→ WORK REQUEST
Aside from the pictures, copy the listing exactly.

→ AVAILABLE DATA

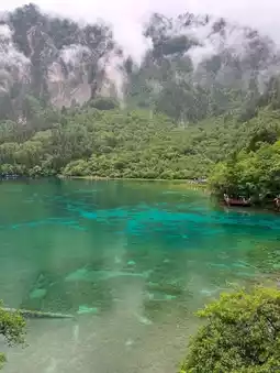 四川九寨沟的孔雀湖景色令人叹为观止。湖水色彩斑斓,从深邃的蓝色到鲜亮的绿色,在阳光的照射下,宛如孔雀羽毛般绚丽多彩,美不胜收。孔雀湖
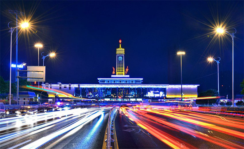 華體照明根據(jù)車站北路兩旁香樟樹綠綠蔥蔥的特點,將燈桿顏色設計為深綠色,和道路兩旁環(huán)境渾然一體,相互協(xié)調(diào)。
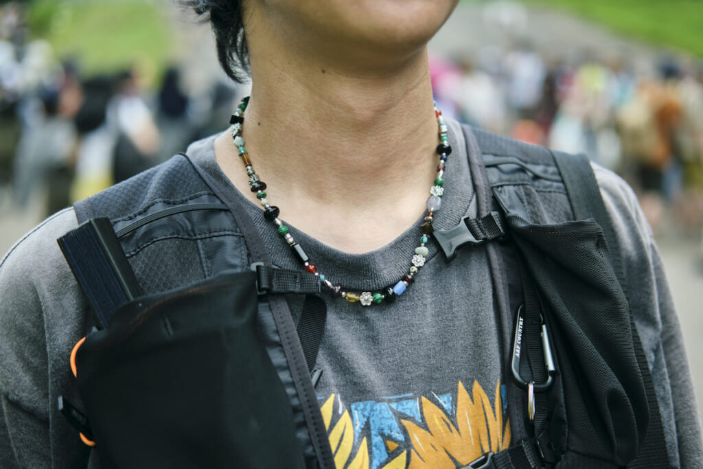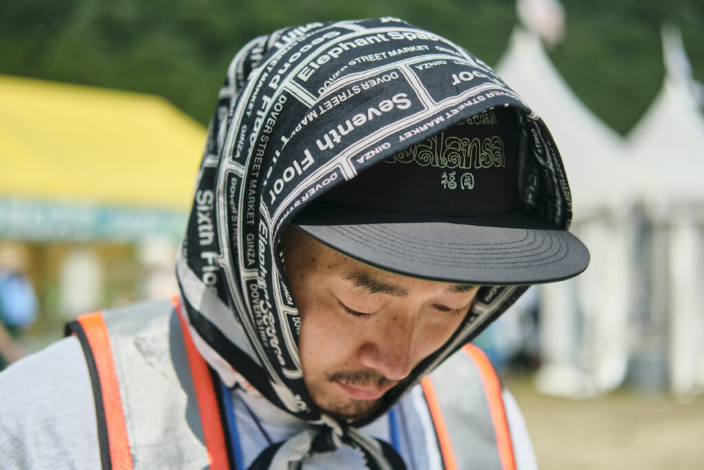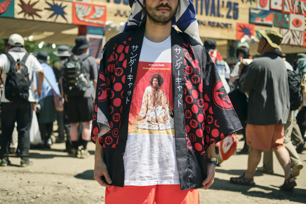 フジロックではアーティスト物販も長蛇の列ができ、出演アーティストのアイテムを現地で購入してすぐに身につけるってヒトも多いが、ほかのイベントで買ったり、古着を着用するヒトも多数。なかには、サンダーキャットのド派手な法被を見事に着こなすフジロッカーも。

→ REPLY
 四川九寨沟的孔雀湖景色令人叹为观止。湖水色彩斑斓,从深邃的蓝色到鲜亮的绿色,在阳光的照射下,宛如孔雀羽毛般绚丽多彩,美不胜收。孔雀湖
 華體照明根據(jù)車站北路兩旁香樟樹綠綠蔥蔥的特點,將燈桿顏色設計為深綠色,和道路兩旁環(huán)境渾然一體,相互協(xié)調(diào)。
 フジロックではアーティスト物販も長蛇の列ができ、出演アーティストのアイテムを現地で購入してすぐに身につけるってヒトも多いが、ほかのイベントで買ったり、古着を着用するヒトも多数。なかには、サンダーキャットのド派手な法被を見事に着こなすフジロッカーも。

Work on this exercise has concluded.